Materialized Learning
With a background in art, Professor Kylie Peppler brings a unique perspective to designing toolkits for complex learning, viewing hands-on creativity as foundational to STEM education. “As we start to pull the crafts out of K-12 education, we weaken embodied understanding into just a flattened space with abstract thinking only,” says Peppler, whose research shows just the opposite is needed.
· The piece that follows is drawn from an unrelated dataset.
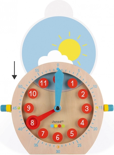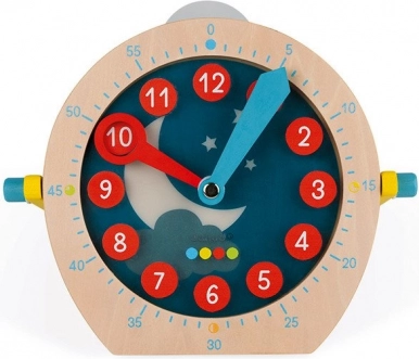 L’horloge pédagogique en bois JANOD aide les enfants à comprendre rapidement et avec plaisir l’heure qu’il est. Son grand cadran aux chiffres facilement lisibles et ses aiguilles colorées guident pas à pas les enfants vers la compréhension du temps, qu’ils s’exercent aux heures pleines, aux demi-heures ou aux minutes.
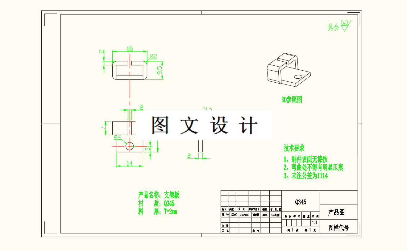 此次的毕设任务为制造支架板的冲压模具的设计,经过对支架板的结构,生产精度要求以及生产材料等各方面的分析。最终确定Q345是本次毕业设计所选用的材料。Q345分为冷轧钢和热轧钢,虽然冷轧钢成型壁厚较小,但支架板壁厚也仅有2mm,而且成型速度快,产量大,非常符合此次任务目标大批量生产的要求,因此此次设计选用冷轧钢。 支架板总体外形简单且规则,此制件外形规则,壁厚均匀,壁厚仅有2mm。 支架板有1个圆孔,孔直径为4mm,上边有向内弯曲。弯曲要分为两次,支架板弯曲处最小弯曲半径0.5mm。 经过初步分析,可以基本确定此次任务目标是一个比较常见的落料冲孔弯曲件。其次对于任务要求用于支架板生产的材料,我们需要进行计算检验,分析材料的工艺性能是否满足支架板的生产需要。然后对支架板的结构进行分析,我们发现支架板的生产需要冲裁,冲压,弯曲等工艺。要实现以上的生产工艺,我们可以选择单工序模,复合模或者级进模来实现,但为了实现大规模生产的目标,单工序模式明显不可以选用。 毕业设计是对于我们四年所学的一次综合检验,不仅仅考验我们关于专业知识的掌握,而且对于我们脱离书本,利用各种资源完成任务有很高的要求。此次支架板的设计说明书论证了其在现实生产中的可行性

So, in teaching computational thinking, she uses everything from Lego robotics to e-textiles to paper circuits to “materialize” topics such as systems thinking or theories of complexity.
Stitching Circuits
Professor Peppler is also using physical materials to diversify STEM participation, designing toolkits that aim to attract more women and minorities to the field. “The kits that we use shape not only the learning opportunities but also who participates in the field,” she says. “For example, we’ve been looking at traditional female crafts like crochet and knitting, weaving, and the Jacquard loom, and how careful, orchestrated engagement with these crafts can promote algorithmic learning about really advanced mathematics.” Peppler’s studies show that kits for sewing and stitching circuits promote better learning about electric circuits than traditional materials used in classrooms.
Working Smarter
Extending her research into the workplace, Professor Peppler asserts that when it comes to education, “I’ll go not only as young as I can but also as old, because a lot of these things also have implications for workplace learning and ongoing education for adults.” Partnering with a variety of employers, including Boeing, she is researching a platform for simulating interactions between workers, robots and machines in future factories to improve agility and productivity. According to Peppler, instead of displacing workers, technology can “make workers smarter and give them the information they need to create things.”